**Description of the task**
The copy must run from the line containing "店舗改装工事に伴う閉店時間について(4月23日は15時閉店)" through the final line of the records, both included, exactly as written. It should contain no pictures.

**Stored data entries**
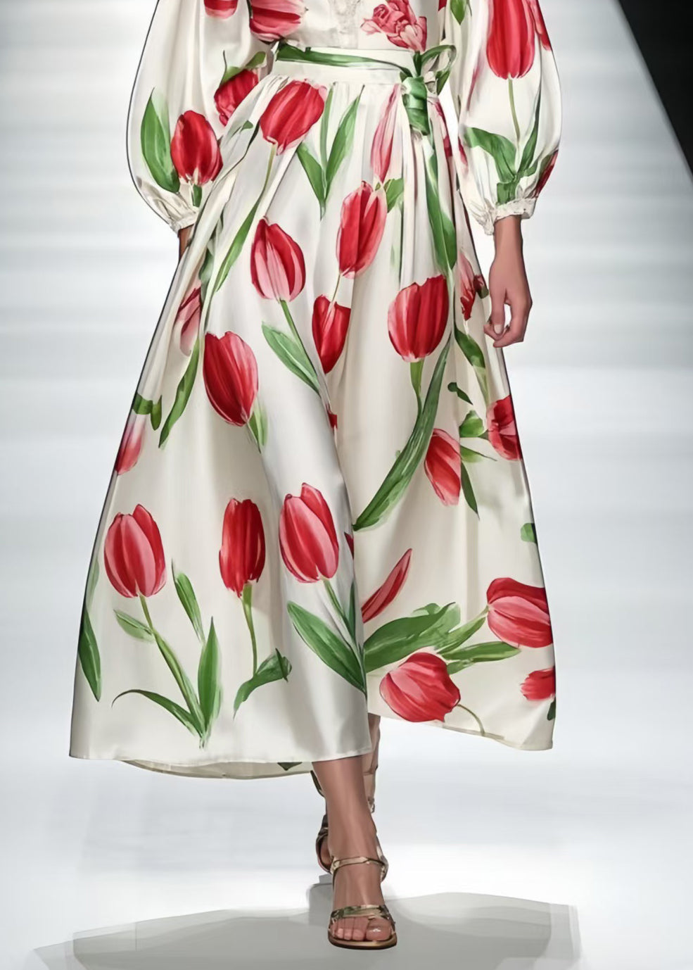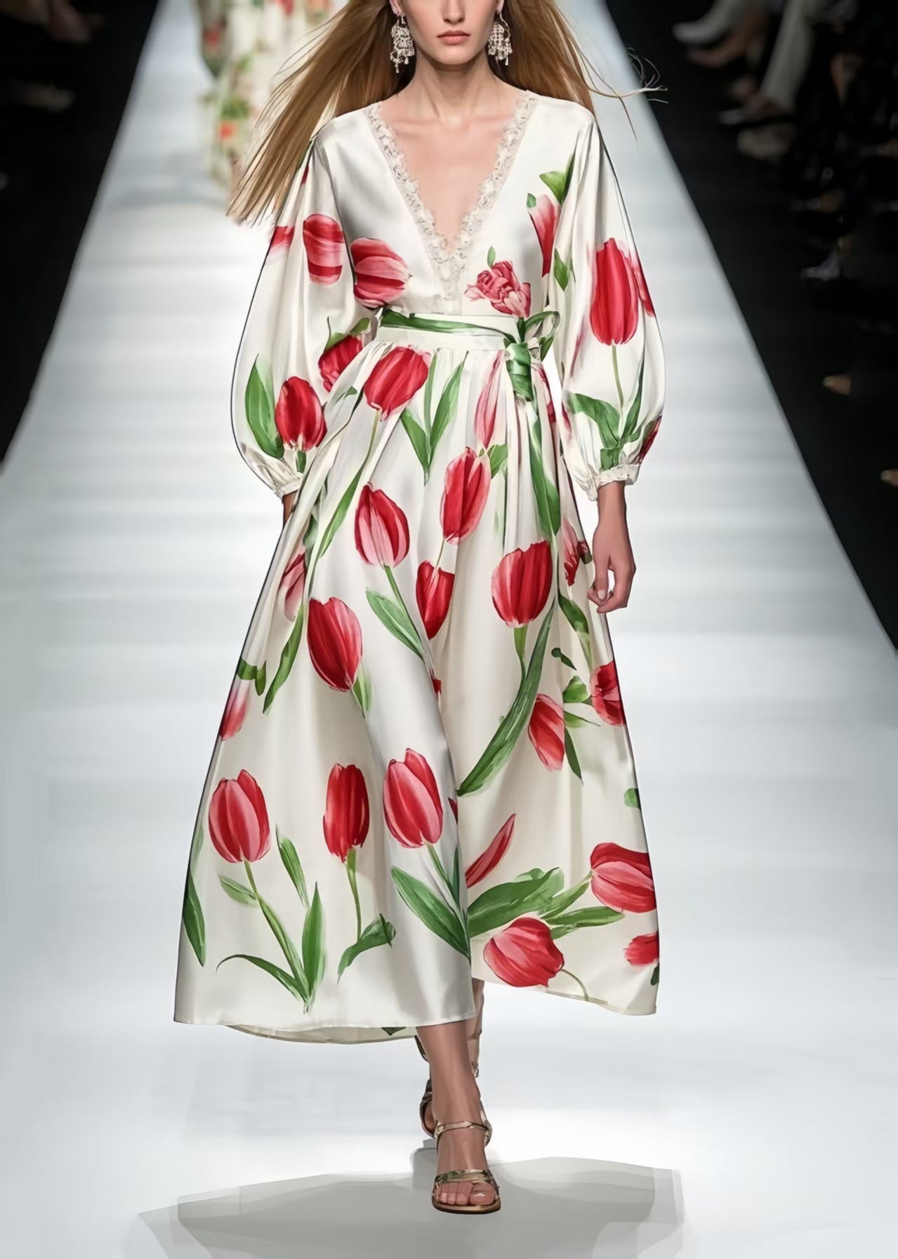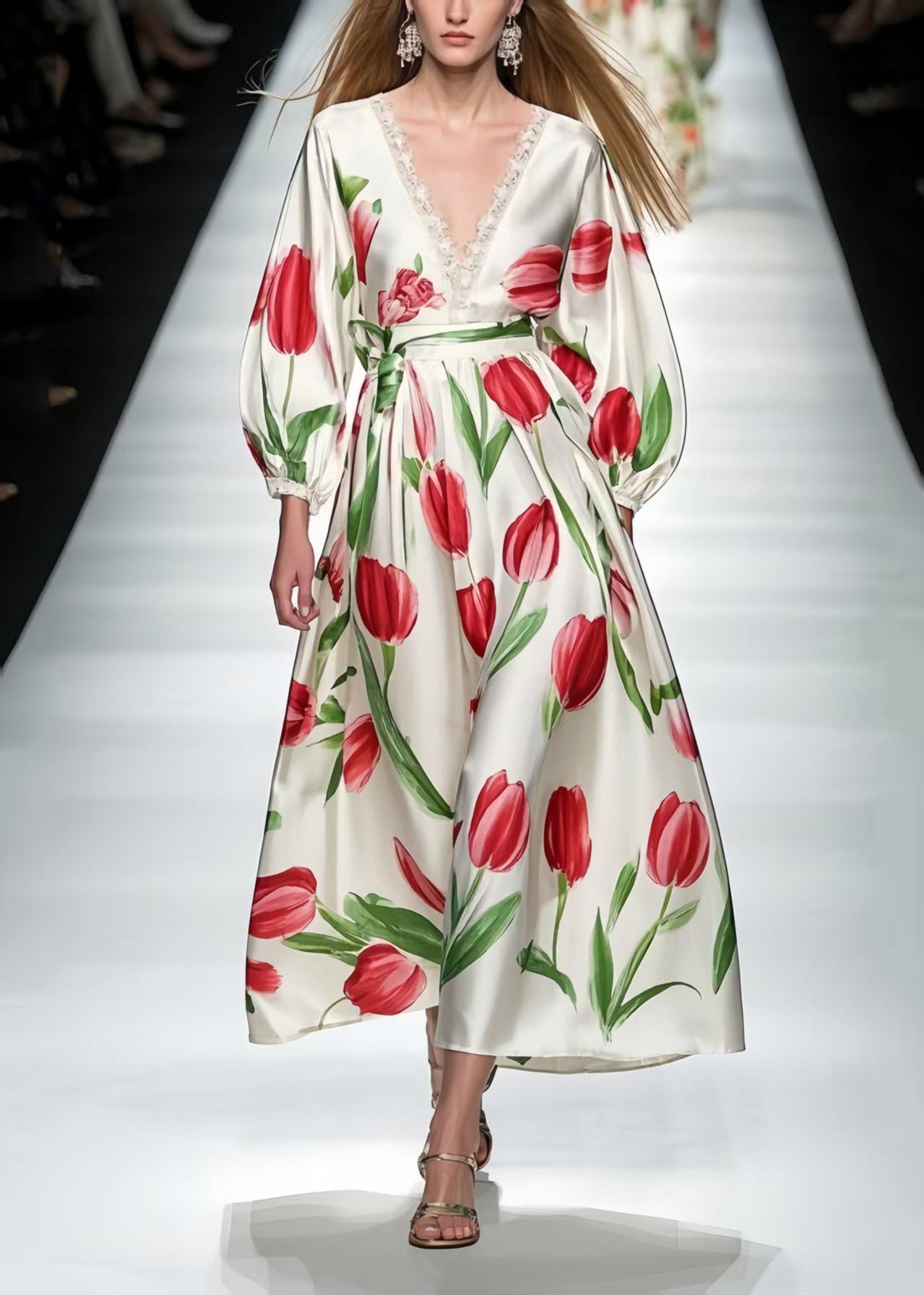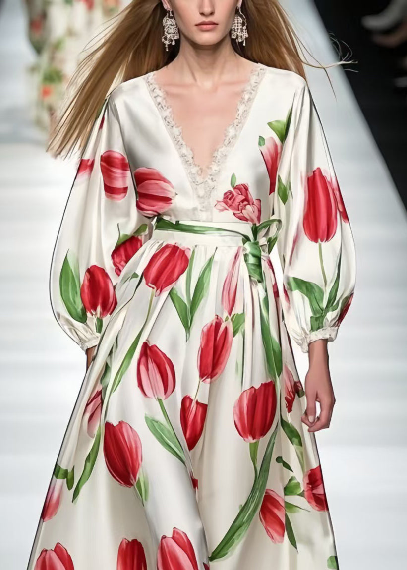 Red Floral Print Silk Ankle Dress V Neck Bracelet Sleeve
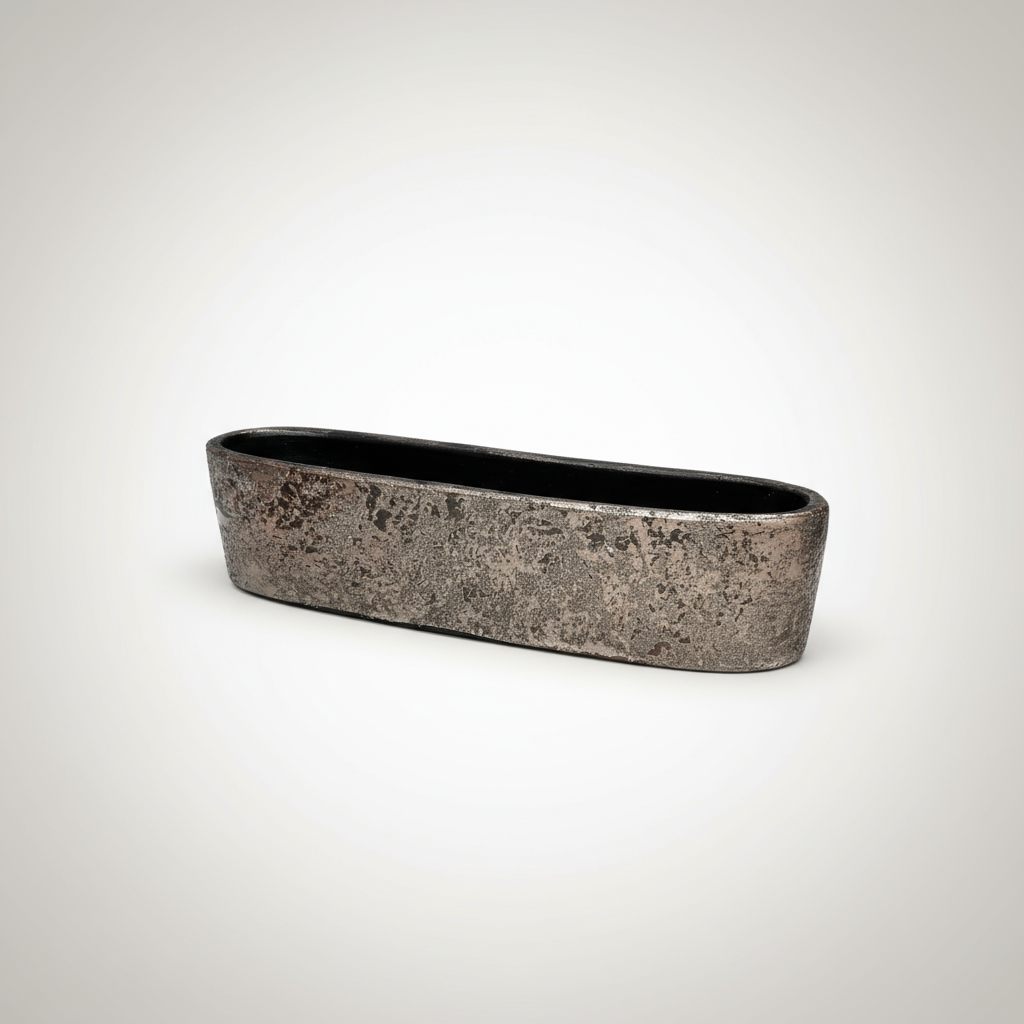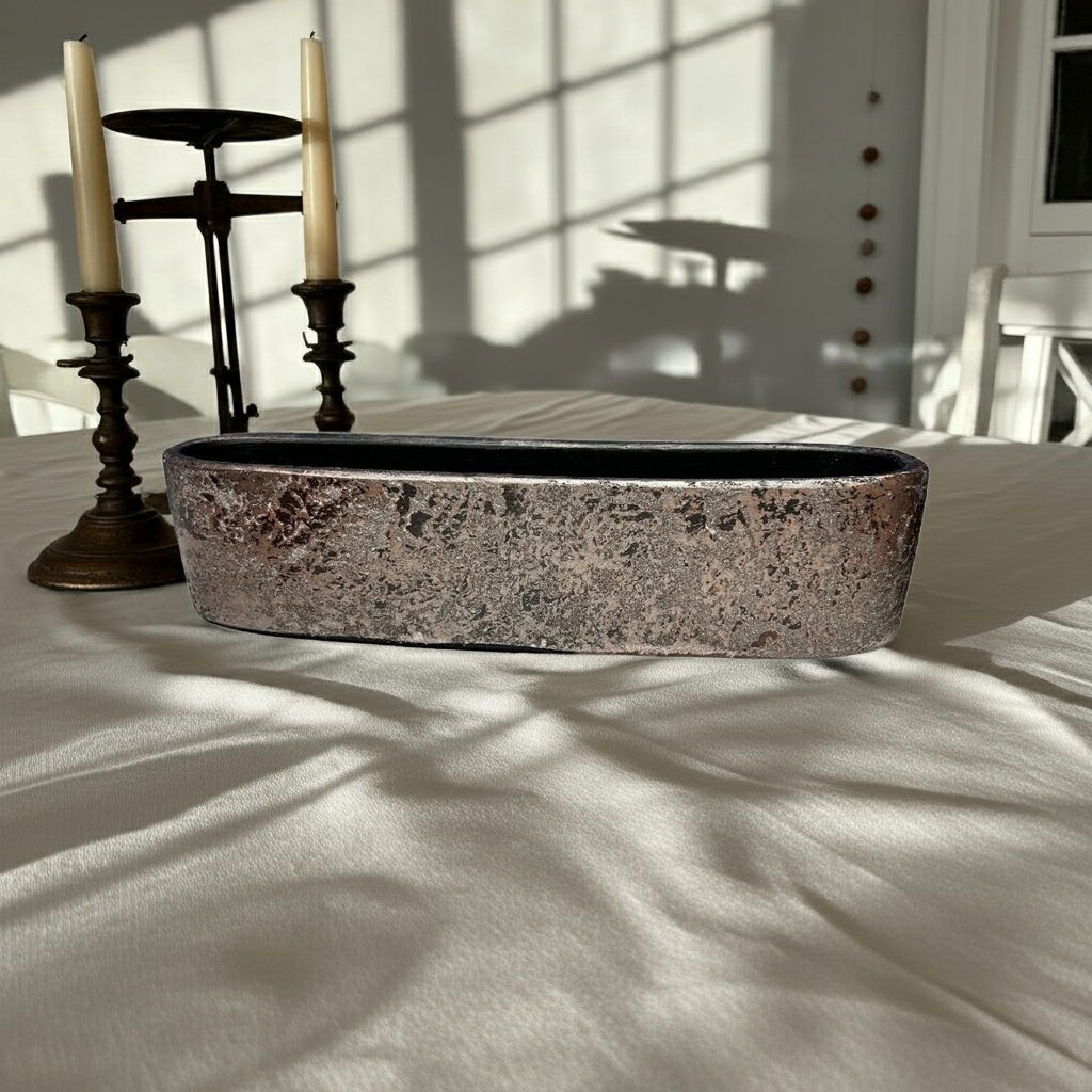 Hand-finished ceramic with a softly weathered surface in pink, its slim oval form is perfect for a simple line of stems, tea lights, or a minimalist moss arrangement. A relaxed, lived-in accent that makes everyday tables feel thoughtfully dressed.
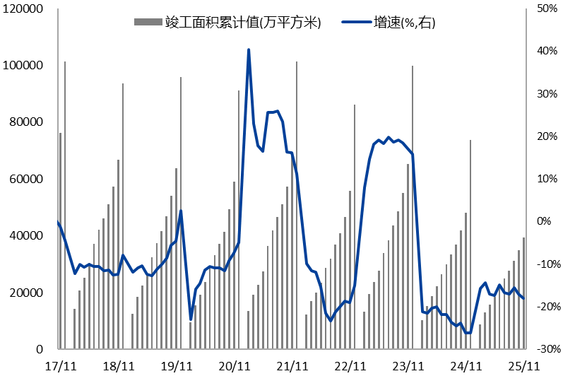 传统需求拖累减弱,占比逐年下降。建筑曾是电解铝下游最主要需求,在过去较长一段时间内稳定在30%以上的水平。但近年来随着地产需求的逐年下滑以及其他领域需求的增长,占比持续回落,2024年建筑需求占比已下行至20%附近。展望2026年,地产相关用铝量预计仍将延续跌势,但在稳增长政策环境下,地产增速下滑趋势正在逐步放缓,2025年1-11月国内地产竣工面积累积增速为-18.6%,新开工面积累积增速为-20.01%,均较上一年跌幅减弱,因此地产用铝需求下滑节奏预计将逐步放缓。家电板块受地产后周期影响,终端消费需求进一步向下空间较为有限。
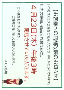 店舗改装工事に伴う閉店時間について(4月23日は15時閉店)
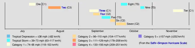 The season had a total of 10 tropical storms, 7 of which intensified into a hurricane. This marked the most hurricanes in a season since the total of eight in 1893.[3] There may have been an additional four tropical depressions throughout the season, but the data obtained by the Atlantic hurricane reanalysis project was inconclusive. The reanalysis added a previously undetected tropical storm in late October to the Atlantic hurricane database (HURDAT). Reanalysis also resulted in the eighth cyclone being downgraded from a Category 2 hurricane to a tropical storm.[1] Nearly all of the season's 10 tropical cyclones impacted land. Collectively, the storms caused over $18.5 million in damage and at least 222 fatalities.[4]
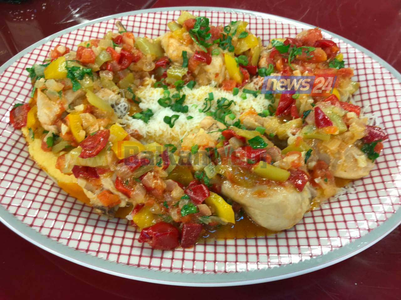 Servirim në pjatë polentën dhe e spërkasim me pak parmixhano duke vendosur në anë të saj mishin e pulës me salcën e gatuar. E spërkasim salcën me pak majdanoz, ndërsa polentën me pak bishta qepësh të njoma.

**Written response**
 店舗改装工事に伴う閉店時間について(4月23日は15時閉店)
 The season had a total of 10 tropical storms, 7 of which intensified into a hurricane. This marked the most hurricanes in a season since the total of eight in 1893.[3] There may have been an additional four tropical depressions throughout the season, but the data obtained by the Atlantic hurricane reanalysis project was inconclusive. The reanalysis added a previously undetected tropical storm in late October to the Atlantic hurricane database (HURDAT). Reanalysis also resulted in the eighth cyclone being downgraded from a Category 2 hurricane to a tropical storm.[1] Nearly all of the season's 10 tropical cyclones impacted land. Collectively, the storms caused over $18.5 million in damage and at least 222 fatalities.[4]
 Servirim në pjatë polentën dhe e spërkasim me pak parmixhano duke vendosur në anë të saj mishin e pulës me salcën e gatuar. E spërkasim salcën me pak majdanoz, ndërsa polentën me pak bishta qepësh të njoma.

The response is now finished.